• **Task item**
Give all of the data again exactly as written, omitting every image.

Extracted records:
+++++
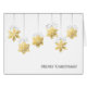 ornamentos em flocos de neve de ouro com arcos prateados em fundo branco
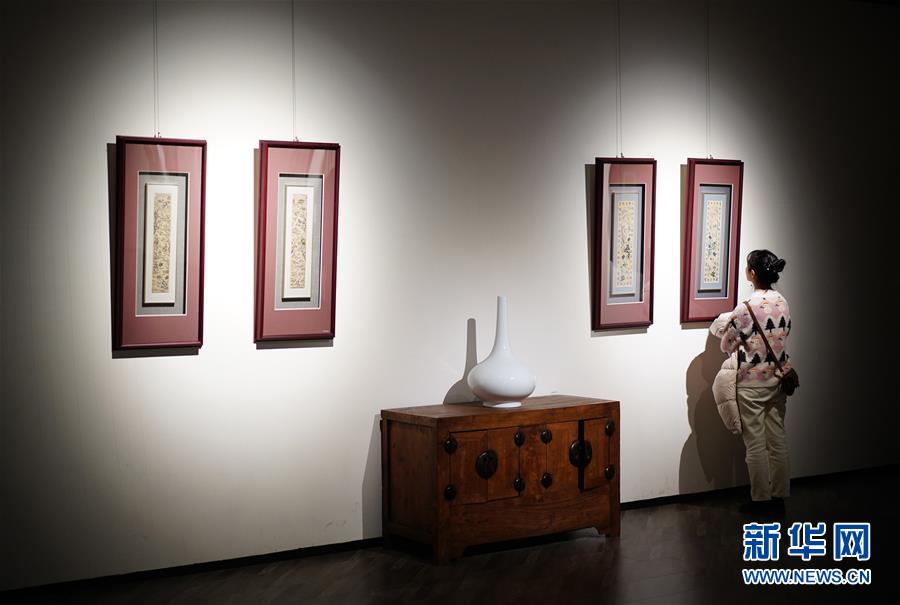 1月14日,一名读者在西安市未央区一家书城的艺术品售卖区参观。
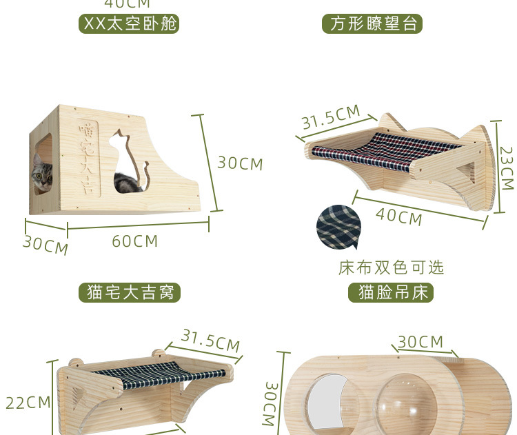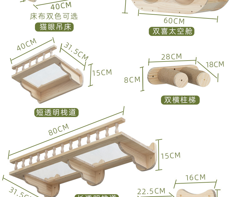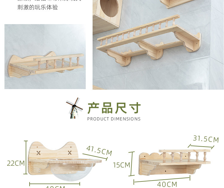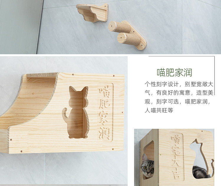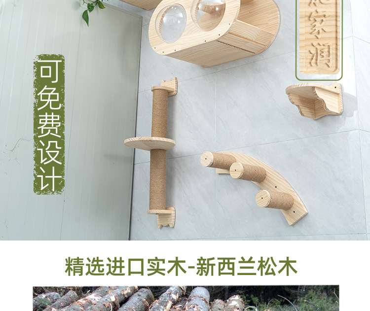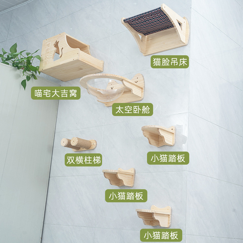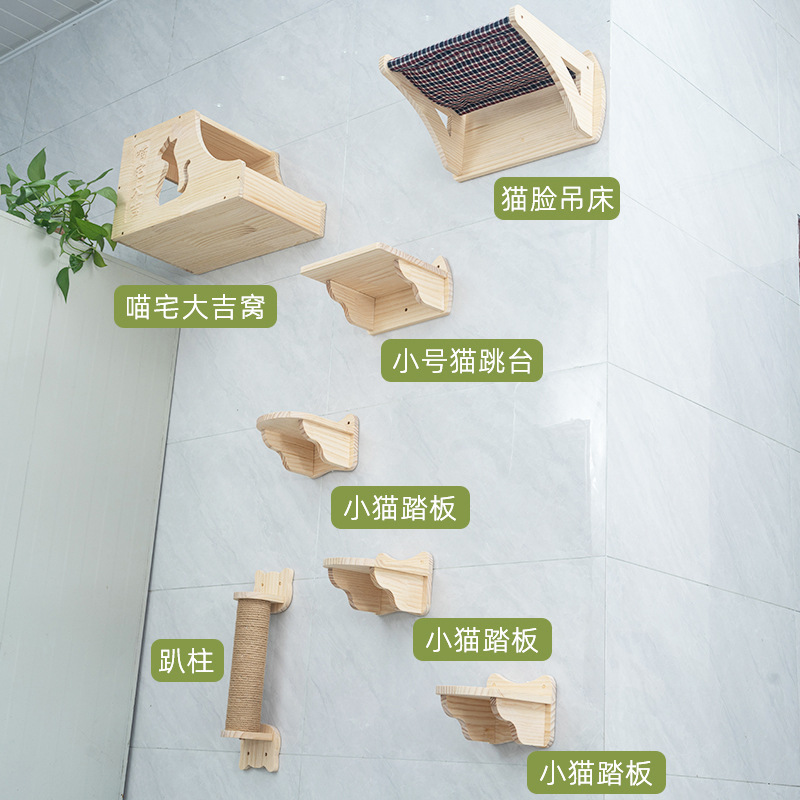 단단한 나무 고양이 벽 고양이 등산 랙 사이 잘삼 벽걸이 형 원통형 고양이 등반 랙 통합 등산 사다리 발판
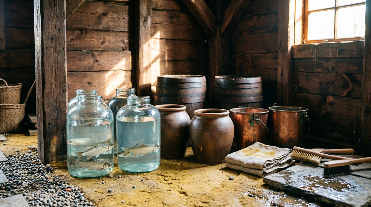 Как сохранить рыбу живой... без холодильника! 🐟 Американское изобретение 1890-х: рыба живет 3 недели в банке! Представьте: рыба плавает в закрытой банке целых три недели! В 1893 году это казалось чудом. Сегодня мы знаем — это просто наука. Но тогда это было революцией! Оригинал (1893 г.): «Въ Соединенныхъ Штатахъ нѣкто Марфи открылъ, что рыба можетъ быть сохраняема живою довольно продолжительное время, если сосудъ, въ которомъ она находится, только частью заполненъ водою и герметически закупоренъ. При опытѣ, по прошествіи 48 часовъ рыба въ открытой банкѣ умерла, тогда какъ въ закупоренной рыба оставалась живою даже спустя три недѣли.» Как готовили тогда: Американец по имени Марфи сделал удивительное открытие: если поместить рыбу в сосуд, заполненный водой лишь частично, и герметично закрыть — рыба живет неделями! В открытом сосуде рыба погибала уже через 48 часов, а в закупоренной банке плавала целых три недели! Секрет в том, что в закрытом пространстве с ограниченным количеством воды
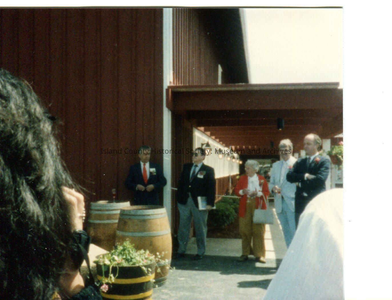 Opening of Ste Michelle Loganberry Liqueur production at Greenbank Farm in 1987. Four men and one woman outside barn near walkway. They appear to be listening to a speaker. Digital copy of Kawasaki photo.
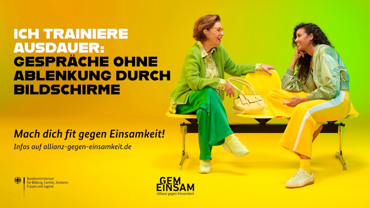 Die neue Kampagne „Mach dich fit gegen Einsamkeit!“ des Bundesministeriums für Bildung, Familie, Senioren, Frauen und Jugend ist gestartet. Im Netz und im Stadtbild macht sie darauf aufmerksam, wie verbreitet Einsamkeit ist – und wie wichtig es ist, dagegen aktiv zu werden. Die Kampagne sensibilisiert zum Thema und soll dazu beitragen, Gemeinschaft zu stärken – beginnend mit kleinen Gesten im Alltag.
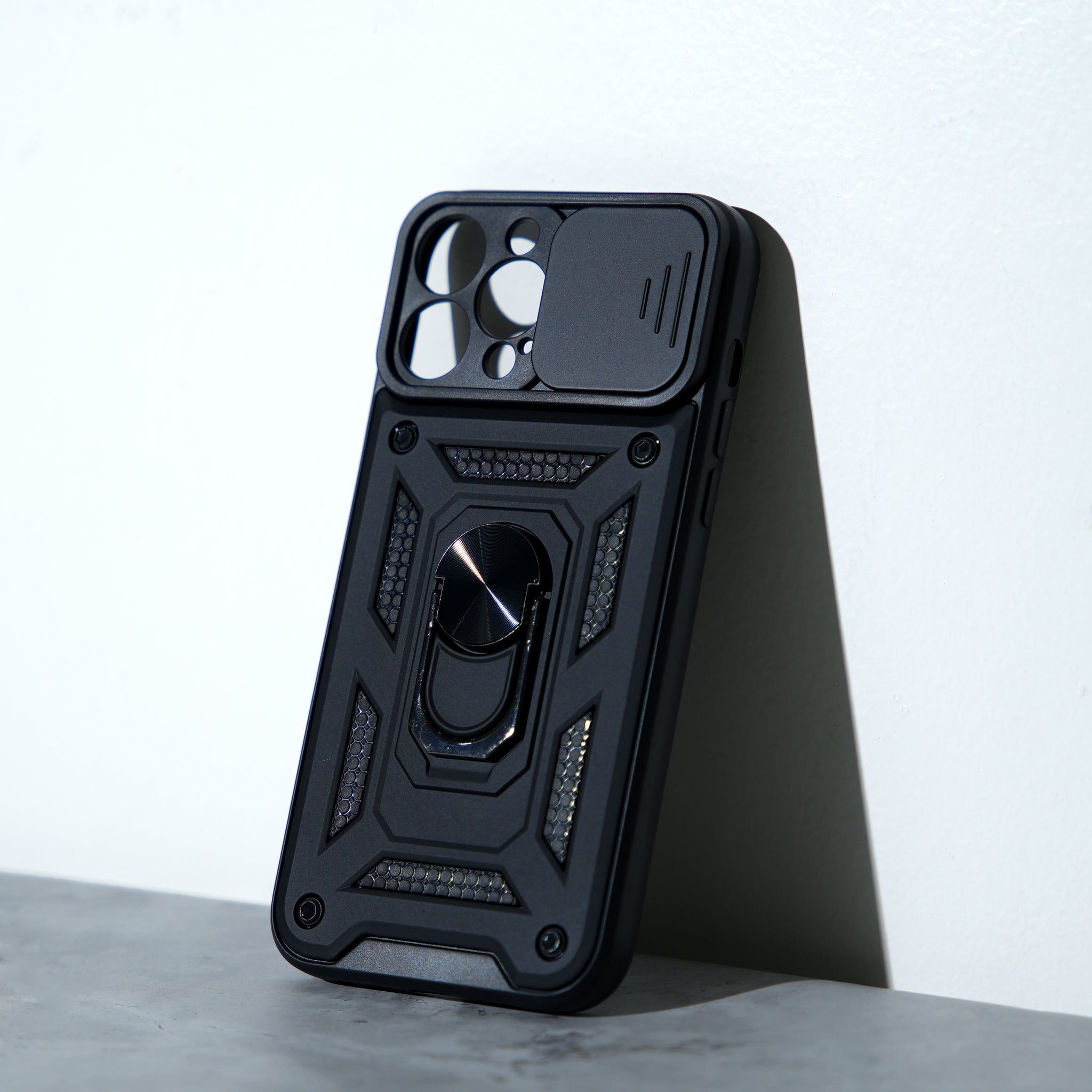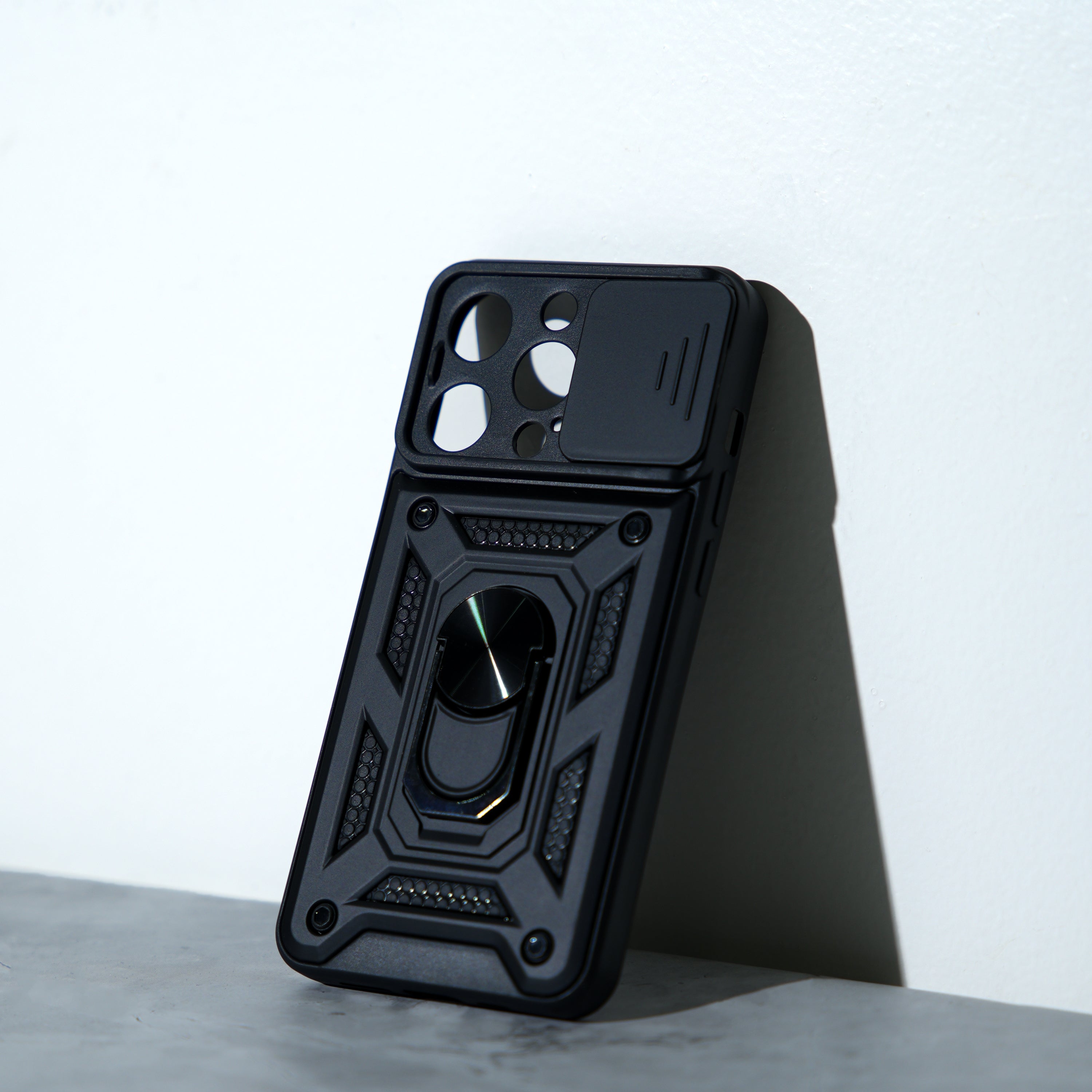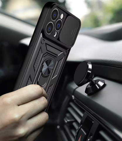 Chokore Sliding Metal Ring Stand Cover with Camera Lens Protector (Black)
+++++
• **Task response**
 ornamentos em flocos de neve de ouro com arcos prateados em fundo branco
 1月14日,一名读者在西安市未央区一家书城的艺术品售卖区参观。
 단단한 나무 고양이 벽 고양이 등산 랙 사이 잘삼 벽걸이 형 원통형 고양이 등반 랙 통합 등산 사다리 발판
 Как сохранить рыбу живой... без холодильника! 🐟 Американское изобретение 1890-х: рыба живет 3 недели в банке! Представьте: рыба плавает в закрытой банке целых три недели! В 1893 году это казалось чудом. Сегодня мы знаем — это просто наука. Но тогда это было революцией! Оригинал (1893 г.): «Въ Соединенныхъ Штатахъ нѣкто Марфи открылъ, что рыба можетъ быть сохраняема живою довольно продолжительное время, если сосудъ, въ которомъ она находится, только частью заполненъ водою и герметически закупоренъ. При опытѣ, по прошествіи 48 часовъ рыба въ открытой банкѣ умерла, тогда какъ въ закупоренной рыба оставалась живою даже спустя три недѣли.» Как готовили тогда: Американец по имени Марфи сделал удивительное открытие: если поместить рыбу в сосуд, заполненный водой лишь частично, и герметично закрыть — рыба живет неделями! В открытом сосуде рыба погибала уже через 48 часов, а в закупоренной банке плавала целых три недели! Секрет в том, что в закрытом пространстве с ограниченным количеством воды
 Opening of Ste Michelle Loganberry Liqueur production at Greenbank Farm in 1987. Four men and one woman outside barn near walkway. They appear to be listening to a speaker. Digital copy of Kawasaki photo.
 Die neue Kampagne „Mach dich fit gegen Einsamkeit!“ des Bundesministeriums für Bildung, Familie, Senioren, Frauen und Jugend ist gestartet. Im Netz und im Stadtbild macht sie darauf aufmerksam, wie verbreitet Einsamkeit ist – und wie wichtig es ist, dagegen aktiv zu werden. Die Kampagne sensibilisiert zum Thema und soll dazu beitragen, Gemeinschaft zu stärken – beginnend mit kleinen Gesten im Alltag.
 Chokore Sliding Metal Ring Stand Cover with Camera Lens Protector (Black)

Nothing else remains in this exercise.